[Items from a data source]
== Segment start ==
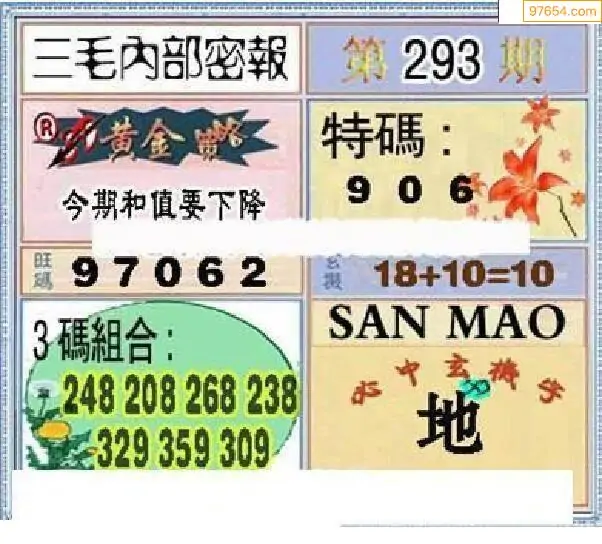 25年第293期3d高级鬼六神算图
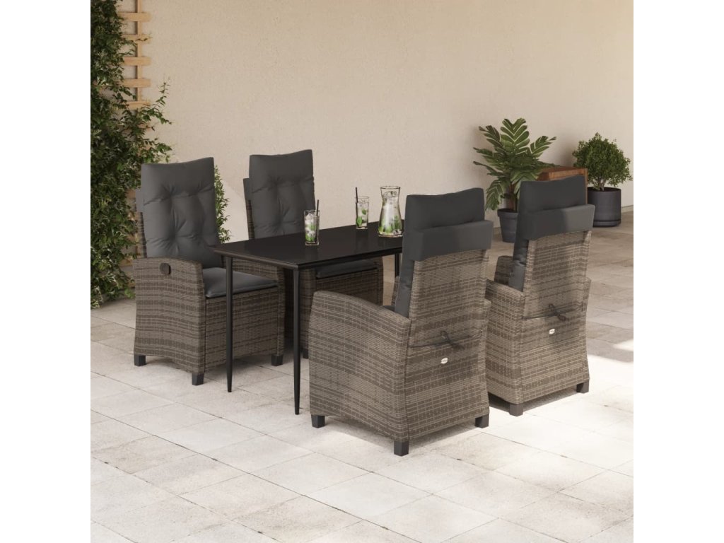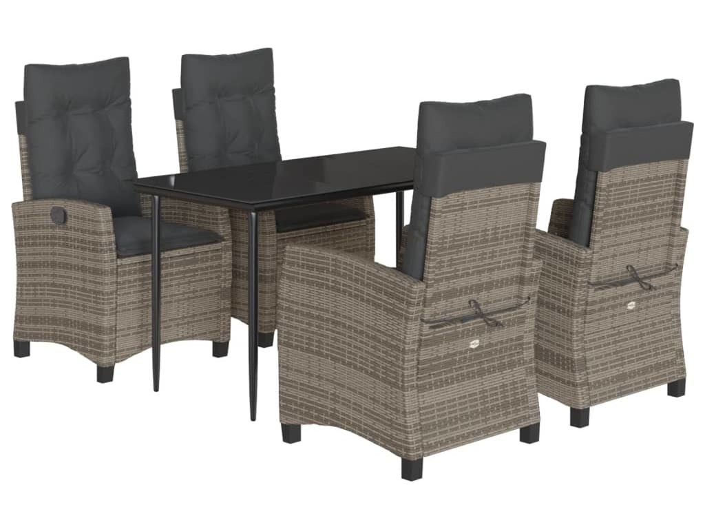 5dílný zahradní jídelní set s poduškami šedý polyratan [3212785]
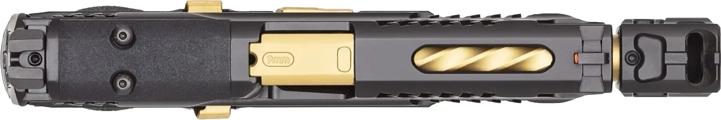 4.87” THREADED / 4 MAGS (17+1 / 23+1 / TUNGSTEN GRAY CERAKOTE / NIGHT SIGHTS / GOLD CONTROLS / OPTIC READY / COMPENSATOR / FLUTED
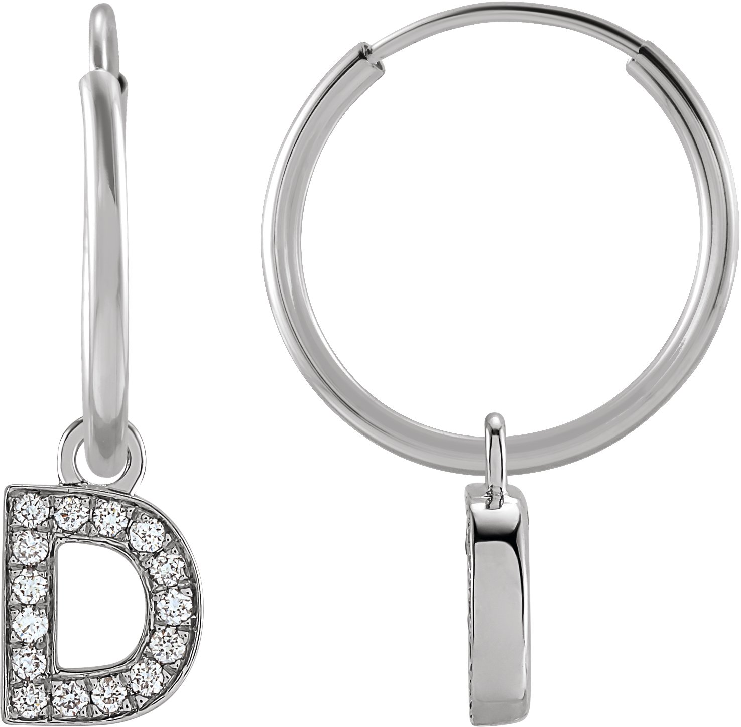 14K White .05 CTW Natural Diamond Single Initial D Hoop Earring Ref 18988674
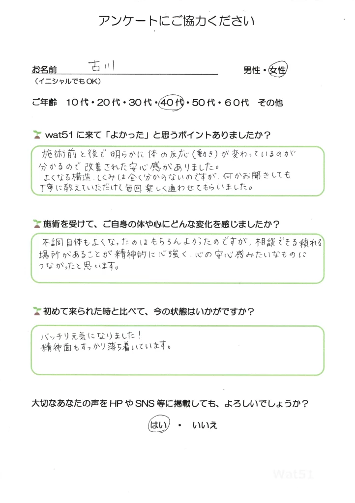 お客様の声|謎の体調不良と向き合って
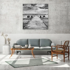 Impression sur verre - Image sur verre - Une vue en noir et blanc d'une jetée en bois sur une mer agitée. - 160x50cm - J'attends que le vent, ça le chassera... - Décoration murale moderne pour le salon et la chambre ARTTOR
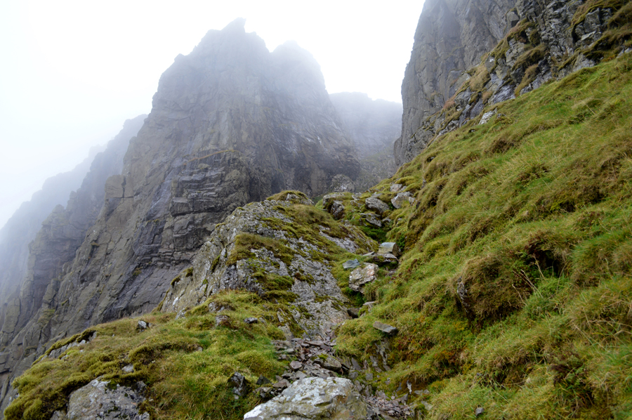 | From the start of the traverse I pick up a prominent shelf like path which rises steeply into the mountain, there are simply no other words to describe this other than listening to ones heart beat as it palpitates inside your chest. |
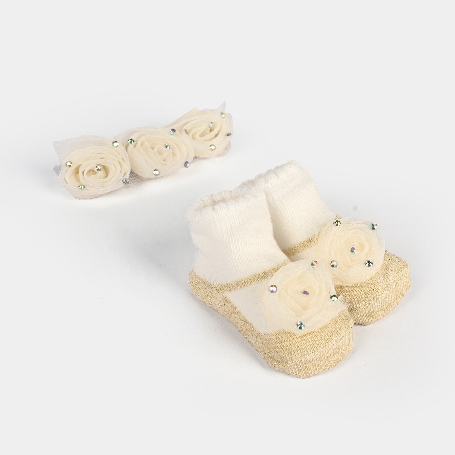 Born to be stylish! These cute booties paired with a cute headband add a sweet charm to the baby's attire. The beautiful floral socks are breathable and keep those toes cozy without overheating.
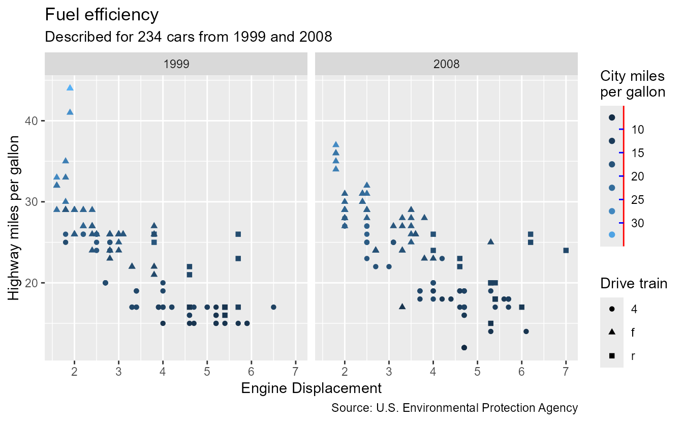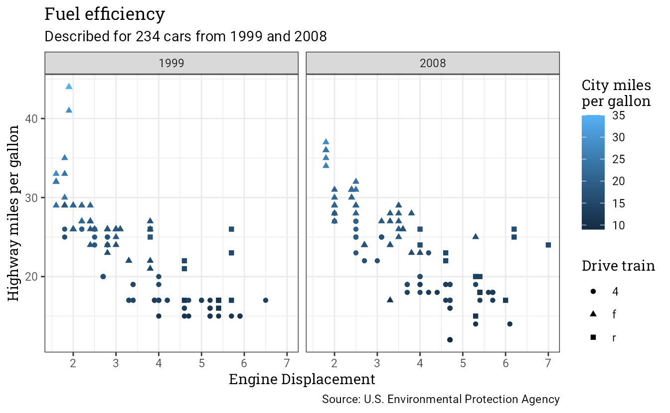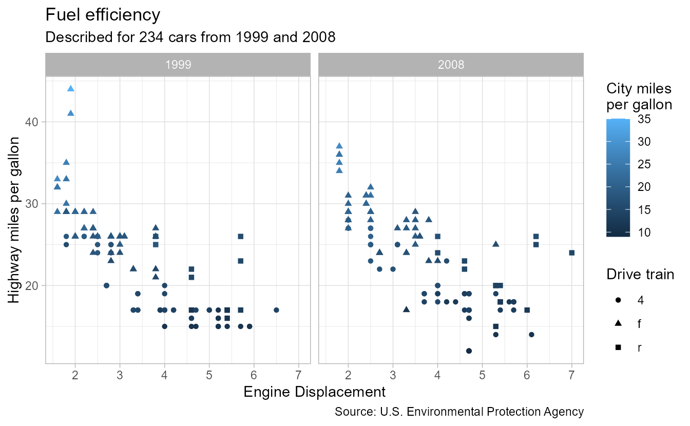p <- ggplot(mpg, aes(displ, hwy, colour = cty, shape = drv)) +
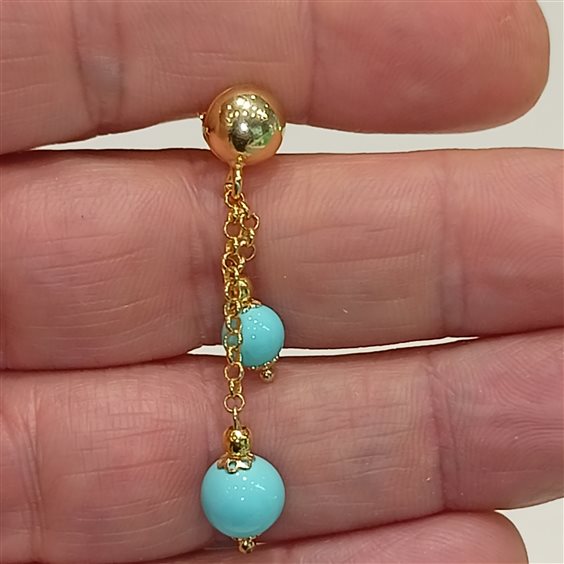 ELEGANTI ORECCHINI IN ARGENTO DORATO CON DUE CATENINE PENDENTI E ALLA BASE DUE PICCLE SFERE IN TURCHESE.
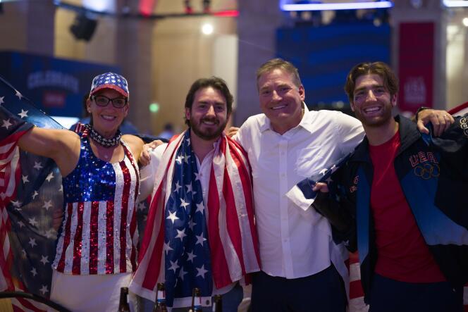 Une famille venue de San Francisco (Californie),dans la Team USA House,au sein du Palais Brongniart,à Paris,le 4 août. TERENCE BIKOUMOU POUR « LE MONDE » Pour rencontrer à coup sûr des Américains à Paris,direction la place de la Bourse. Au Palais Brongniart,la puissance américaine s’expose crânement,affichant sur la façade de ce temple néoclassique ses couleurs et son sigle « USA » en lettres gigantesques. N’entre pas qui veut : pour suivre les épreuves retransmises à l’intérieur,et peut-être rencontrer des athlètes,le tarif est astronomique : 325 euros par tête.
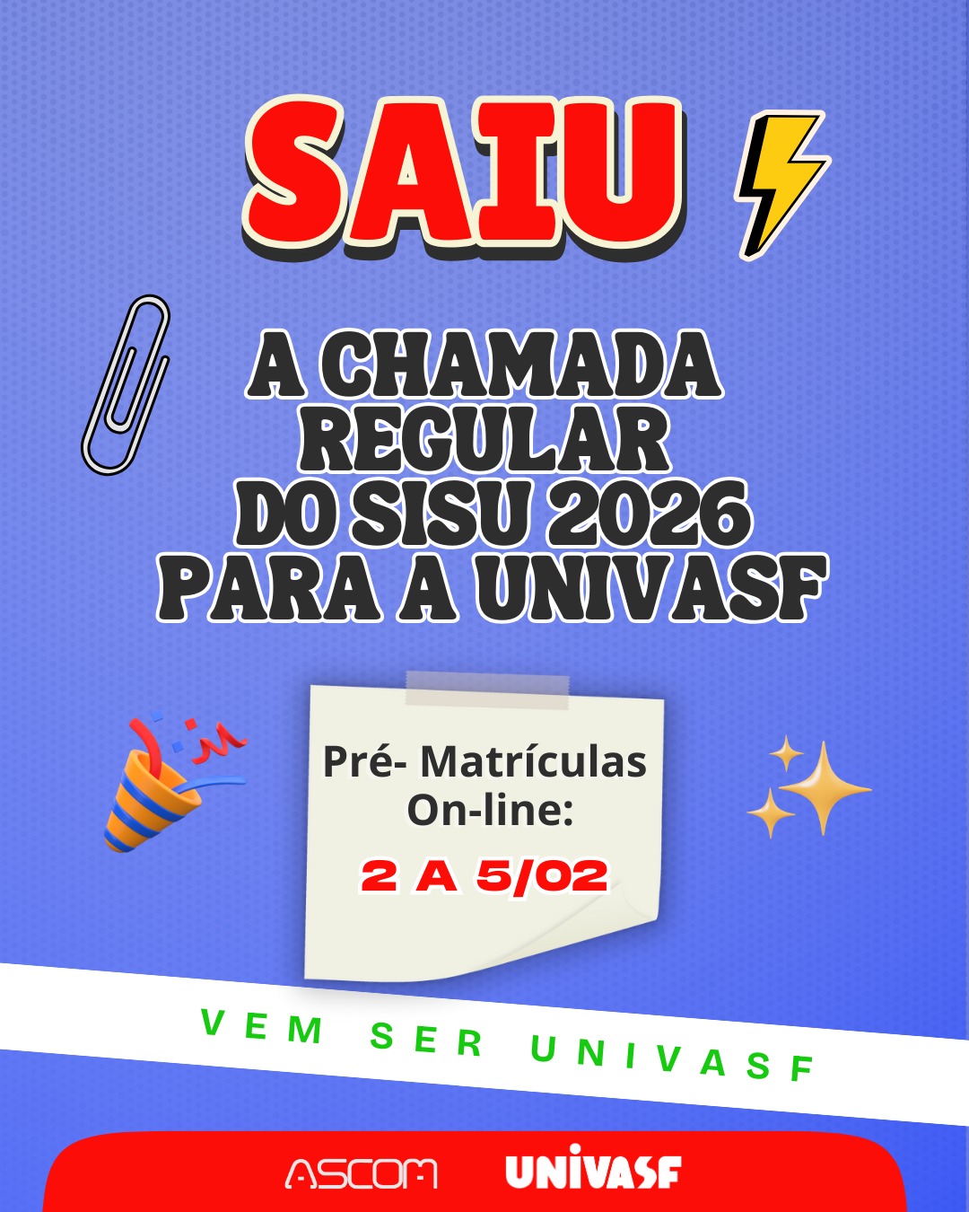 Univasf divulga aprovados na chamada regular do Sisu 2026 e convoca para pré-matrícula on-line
== Segment end ==
## Work request
Return all the records exactly. Skip the pictures.

## Solution for this task
 25年第293期3d高级鬼六神算图
 5dílný zahradní jídelní set s poduškami šedý polyratan [3212785]
 4.87” THREADED / 4 MAGS (17+1 / 23+1 / TUNGSTEN GRAY CERAKOTE / NIGHT SIGHTS / GOLD CONTROLS / OPTIC READY / COMPENSATOR / FLUTED
 14K White .05 CTW Natural Diamond Single Initial D Hoop Earring Ref 18988674
 お客様の声|謎の体調不良と向き合って
 Impression sur verre - Image sur verre - Une vue en noir et blanc d'une jetée en bois sur une mer agitée. - 160x50cm - J'attends que le vent, ça le chassera... - Décoration murale moderne pour le salon et la chambre ARTTOR
 | From the start of the traverse I pick up a prominent shelf like path which rises steeply into the mountain, there are simply no other words to describe this other than listening to ones heart beat as it palpitates inside your chest. |
 Born to be stylish! These cute booties paired with a cute headband add a sweet charm to the baby's attire. The beautiful floral socks are breathable and keep those toes cozy without overheating.
p <- ggplot(mpg, aes(displ, hwy, colour = cty, shape = drv)) +
 ELEGANTI ORECCHINI IN ARGENTO DORATO CON DUE CATENINE PENDENTI E ALLA BASE DUE PICCLE SFERE IN TURCHESE.
 Une famille venue de San Francisco (Californie),dans la Team USA House,au sein du Palais Brongniart,à Paris,le 4 août. TERENCE BIKOUMOU POUR « LE MONDE » Pour rencontrer à coup sûr des Américains à Paris,direction la place de la Bourse. Au Palais Brongniart,la puissance américaine s’expose crânement,affichant sur la façade de ce temple néoclassique ses couleurs et son sigle « USA » en lettres gigantesques. N’entre pas qui veut : pour suivre les épreuves retransmises à l’intérieur,et peut-être rencontrer des athlètes,le tarif est astronomique : 325 euros par tête.
 Univasf divulga aprovados na chamada regular do Sisu 2026 e convoca para pré-matrícula on-line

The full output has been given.